Ella asintió con la cabeza y tomó una respiración profunda. —Falsa contracción.  

—¿Estás segura? 

—Si. Estoy empezando a acostumbrarme a ellas. —Ella tragó saliva y, con la ayuda de Nick, se levantó. Sonriendo, ella envolvió sus brazos alrededor de su cuello—. Así que, ¿Puedes decirme qué hay de nuevo en mí? Sorprendido por su despreocupación, Nick sacudió la cabeza, alisando sus manos por su cintura.

—____, creo que debes acostarte. 

—¿Por qué? —Preguntó, con el ceño fruncido.  

—Tienes contracciones. 

—Hombre tonto, tuve una Braxton Hicks. —Ella hizo un gesto desdeñoso y cruzó la habitación. Cogió su agua de la mesita de noche, tomó un sorbo y casi terminó la botella entera—. Estoy bien.  

Nick se pasó una mano nerviosa por el cabello. Sí, estaba muy muy seguro que su chica estaba enloqueciendo.

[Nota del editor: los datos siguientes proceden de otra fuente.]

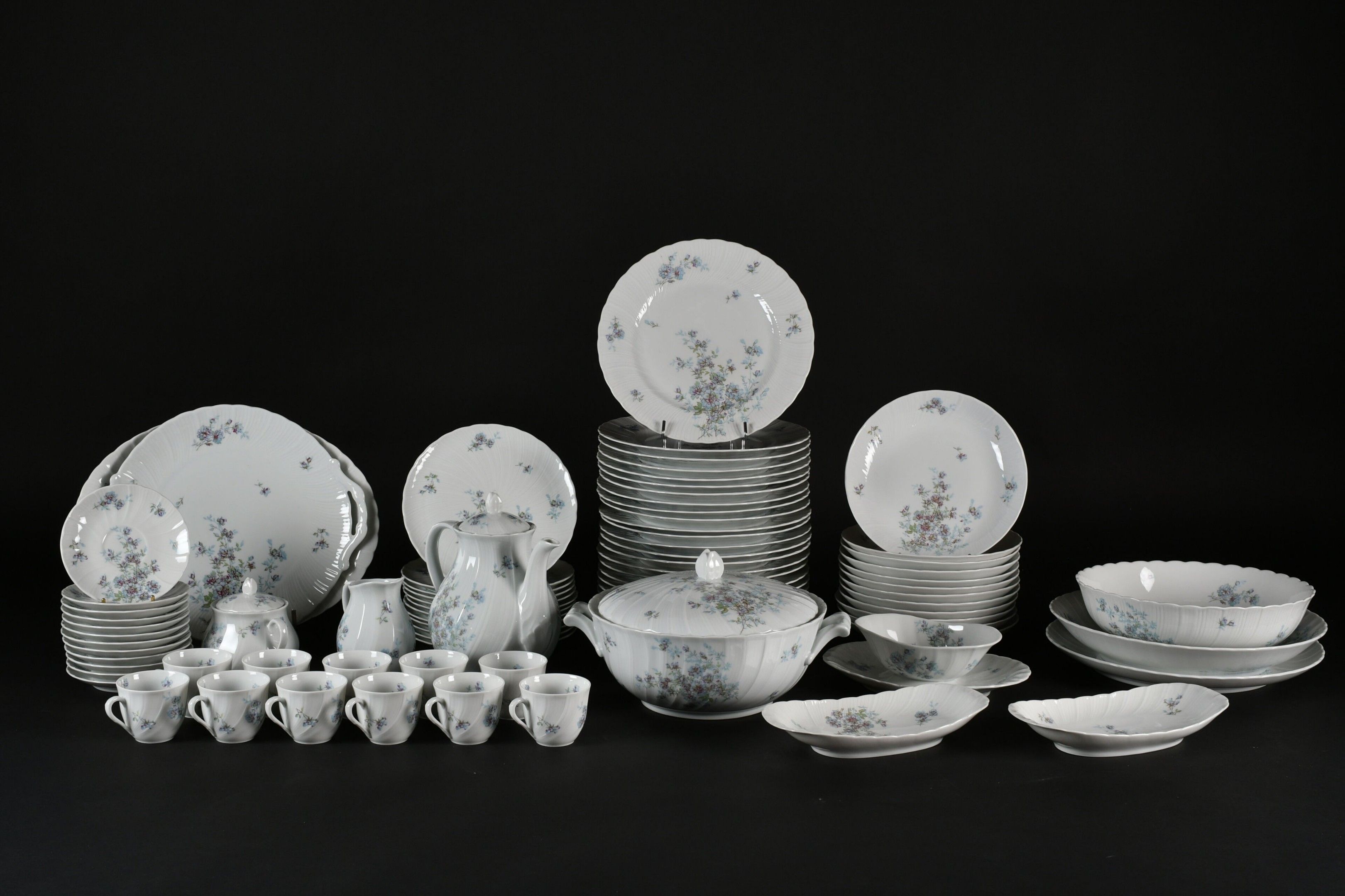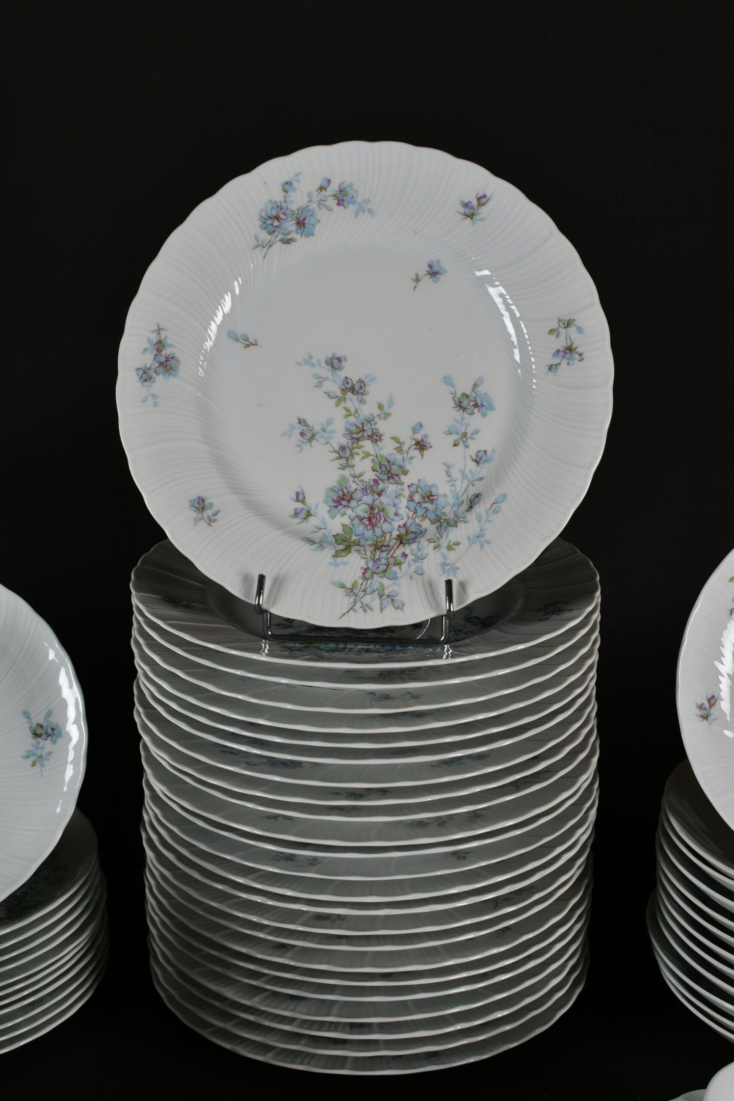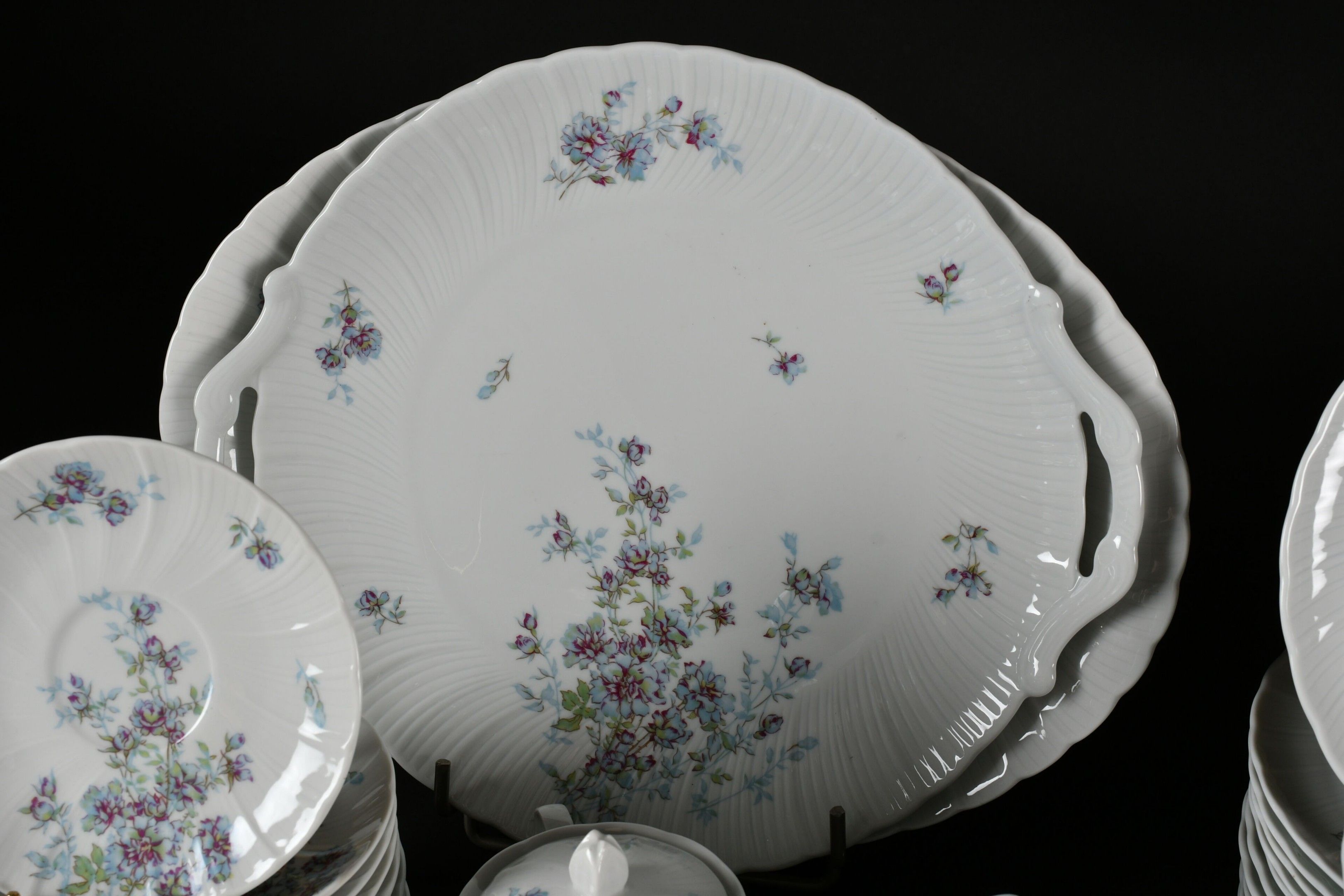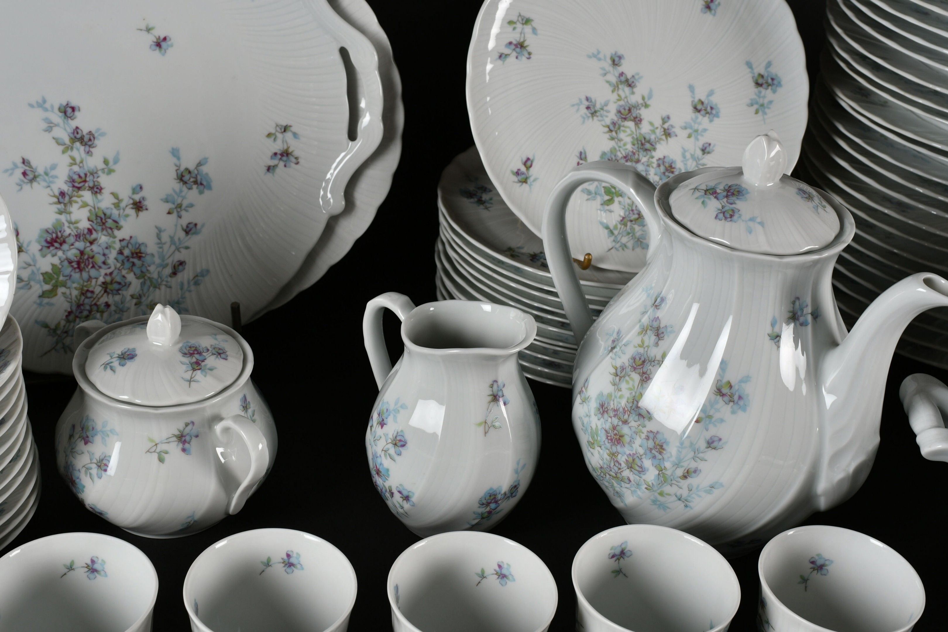 BERNARDAUD Limoges white porcelain service set, "Gabrielle" model, decorated with polychrome flowering branches. Comprising: 24 large dinner plates; 12 soup plates; 12 dessert plates; two ravioli dishes; a sauceboat; a covered vegetable dish; a salad bowl; two round and deep dishes; an oval dish; a cake dish; 11 cups and 12 saucers; a teapot; a milk jug and a covered sugar bowl. Lot sold on re-bidding

—¿Cómo sabes que estás bien? 

—Bueno, vamos a ver. Es mi cuerpo, y lo he llegado a conocer bastante bien durante los últimos veinticinco años. —Ella caminó de regreso hacia él con una sonrisa en su rostro mientras una vez más, deslizaba sus brazos alrededor de su cuello—. ¿Quieres saber dos cosas que apuesto a que no lo sabías? Nick soltó un suspiro, tratando de ir con la corriente. —Por supuesto. ____ meneó sus cejas. —Uno: Eres muy, muy shexy cuando estás preocupado.   Nick rió. —¿Lo soy? —Mmm hmm. —Ya lo he dicho antes —Nick sonrió, amando su carácter juguetón— y lo diré hasta el día que me entierren. Eres bastante shexy por ti misma. 

—Vaya, gracias, señor. —se puso de puntillas y lo besó—. Dos: mientras te perdías en mis traviesas y retorcidas contracciones Braxton Hicks muy shexys, no te diste cuenta que estoy usando la sudadera que me prestaste hace un año esta noche.  

Nick movió los ojos hacia la sudadera gris Zenga Sport que juraba que había desapareció en el aire. 

—No me digas. Mira eso. —Sonriendo, él volteó la capucha sobre la  cabeza de ____—. Definitivamente te queda mejor este año. La boca de ____ cayó boquiabierta, y Nick se echó a reír. Riendo, ella le dio un manotazo en el brazo.

—Retira eso ahora. 

—Sabes que estoy bromeando. —Gavin besó sus labios fruncidos—. ¿Tengo que hacer las paces contigo? 

—Como cuestión de hecho, si. 

—Nómbralo, amor. 

—Tapas de botellas. Nick elevó una ceja. —¿Tapas de botellas? ____ asintió.

—Sip. Un juego amistoso de lanzar las tapas de botellas. 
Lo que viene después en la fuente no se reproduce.